Recent observational evidence has indicated that local current sheet disruptions are excited by an external perturbation likely associated with the kinetic ballooning (KB) instability initiating at the transition region separating the dipole- and tail-like geometries. Specifically a quasi-electrostatic field pointing to the neutral sheet was identified in the interval between the arrival of KB perturbation and local current disruption. How can such a field drive the local current sheet unstable? This question is considered through a fluid treatment of thin current sheet (TCS) where the generalized Ohm's law replaces the frozen-in-flux condition. A perturbation with the wavevector along the current is applied, and eigenmodes with frequency much below the ion gyrofrequency are sought. We show that the second-order derivative of ion drift velocity along the thickness of the current sheet is a critical stability parameter.

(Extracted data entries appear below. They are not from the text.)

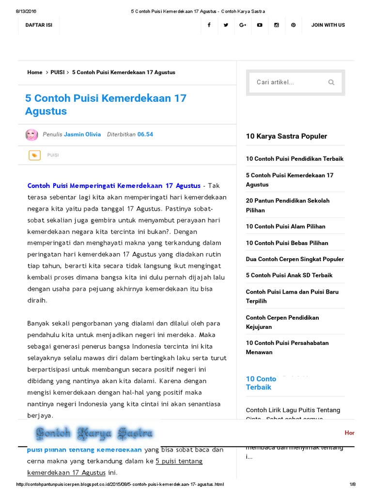 Puisi pendek anak sd kelas 6 sekolahku beribu cerita kau berikan, dalam suka maupun duka, nanti kelak pasti kurindukan, rindu di sepanjang usia. Kumpulan contoh puisi anak sekolah sd, smp dan sma berbagai tema apakah anda sudah pernah mendengar puisi anak sd? (siswa kelas vi sdn pulau tambak tahun 2010). Ciptaan tuhan yang maha esa patut kita syukuri karena dengan segala. Rangkuman materi pembelajaran sd kelas 5 tema 4 bahasa indonesia soal pantun dan syair. Banyak anak memilih tema alam karena lebih mudah untuk diamati dan diungkapkan. Puisi ini merupaka tugas anak pada mata pelajaran ips tentang perjuangan yang ada di semester 2. Ada puisi anak bertema alam, lingkungan, keluarga, kesehatan, keindahan alam, dan budi pekerti. Ada juga beberapa contoh puisi yang dapat membantumu saat mengajarkan si kecil. Berikut contoh contoh puisi anak sekolah dasar sd.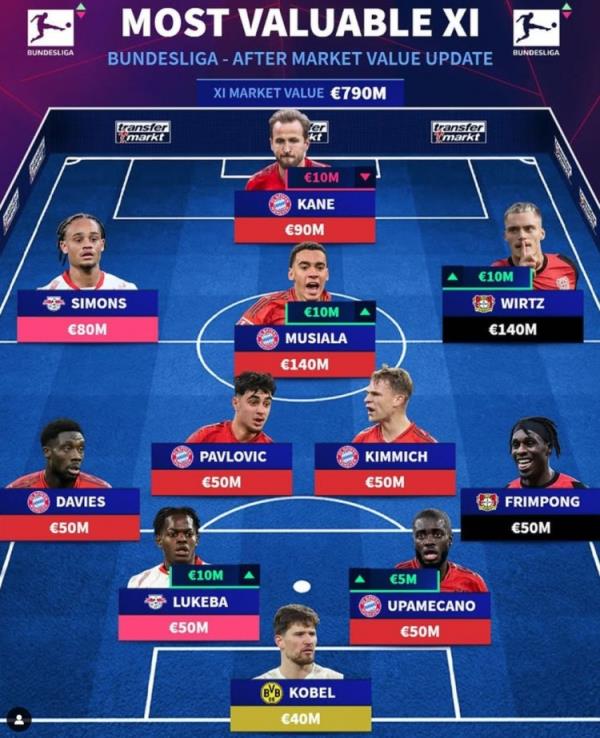 12月20日訊 《轉會市場》今日更新了德甲球員身價,并列出了一套德甲最貴陣,拜仁6將在列,萊比錫、藥廠各2人。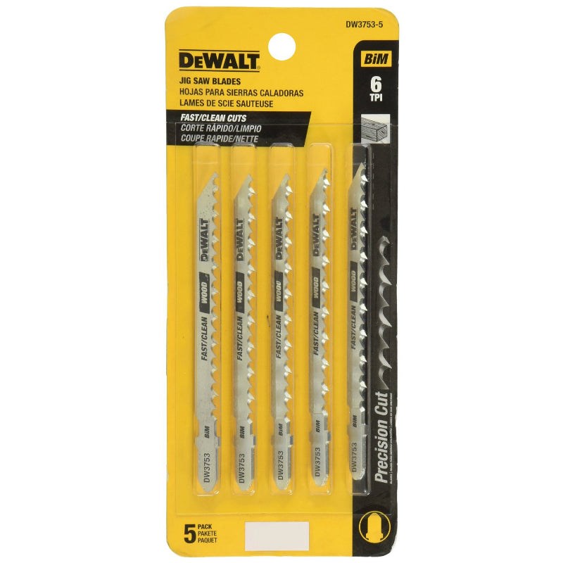 DEWALT T-SHANK CLEAN CUTTING WOOD JIG SAW BLADE - 4"DeWalt's clean cutting jig saw blade combines faster cutting speed with a clean finish. The 6 TPI tooth count removes material quickly while still producing neat, usable edges for general woodworking.

In an E-field-free Harris sheet in which the drift velocity is constant, the current sheet is stable against this particular mode. As the electrostatic field grows, however, potential for instability arises. The threshold of instability is identified through an approximate analysis of the theory. For a nominal current sheet half-thickness of 1000 km, the estimated instability threshold is <I>E</I>~4 mV/m. Numerical solutions indicate that the two-fluid theory gives growth rate and wave period consistent with observations.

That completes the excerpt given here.